The most obvious culprits – like excess weight and a sedentary lifestyle – may not fully explain the increase in colorectal cancer at younger ages. “There may be other factors at play,” says ACS researcher Rebecca Siegel. One possibility: the overuse of antibiotics, which can knock out good-for-you bacteria as well as disease-causing varieties in the digestive system. Some studies suggest that our natural load of bacteria, part of what’s called the microbiome, plays a role in keeping us healthy. “Information about how the gut microbiome influences health in general, and cancer in particular, is still in its infancy,” Siegel says, “but it would make sense that something that changes the microbiome, like antibiotics, might be important.” In some states, enough antibiotics are prescribed each year to dose every inhabitant and still have some left over. Don’t give your doctor the stink-eye when he or she doesn’t prescribe them -- remember: Antibiotics don’t work against colds or other viruses!
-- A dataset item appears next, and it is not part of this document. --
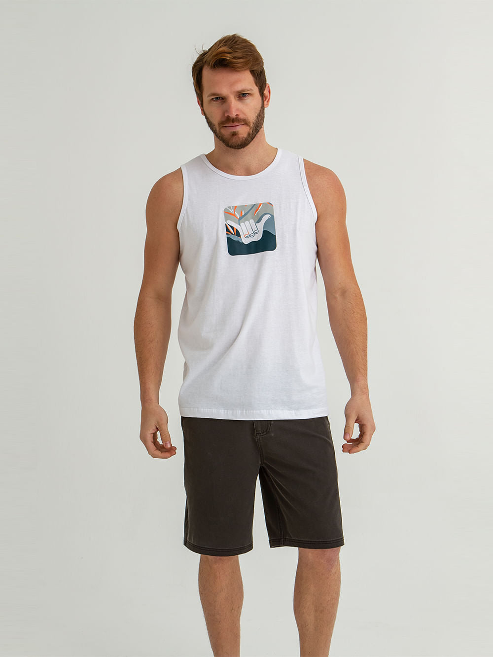 Regata Hang Loose Eco Logo Branca. Confeccionada em meia malha de algodão, a regata Eco Logo possui silk frontal e etiqueta Hang Loose.

A Little Exercise Goes a Long Way

It also helps to be active–getting regular exercise cuts the risk of colon cancer by 20% or more. It’s not clear exactly why that is, but according to the National Cancer Institute, working out reduces chronic inflammation, cuts levels of insulin and certain chemicals called growth factors, and changes the metabolism of bile acids, among other things, all of which may play a role. You don’t have to go crazy. Activities as simple as brisk walking definitely count; more intense exercise seems even better. Aim for half an hour of exercise most days of the week and ramp up if you’re able. It also makes a difference to build activity into your day–for instance, taking the stairs instead of the escalator and parking at the far end of the lot if you drive to the store.


More Incentive to Quit

Here’s an unsurprising tip: Don’t smoke. Smoking doesn’t just raise your risk of lung cancer and heart disease; it’s also linked to at least 11 other cancers, including colorectal cancer. (More than 16% of Millennials smoke, according to the Centers for Disease Control and Prevention—a higher percentage than in older or younger generations.) Alcohol also raises your risk of colorectal cancer, possibly because bacteria that normally live in the colon and rectum turn it into a chemical called acetaldehyde. In lab animals, acetaldehyde can cause cancer–and the same may be true in humans, says the American Cancer Society. If you drink, keep it moderate. (In a 2017 survey by the federal government, about 43% of younger Millennials reported occasional binge-drinking—meaning five or more drinks on a single occasion for men and four or more for women.)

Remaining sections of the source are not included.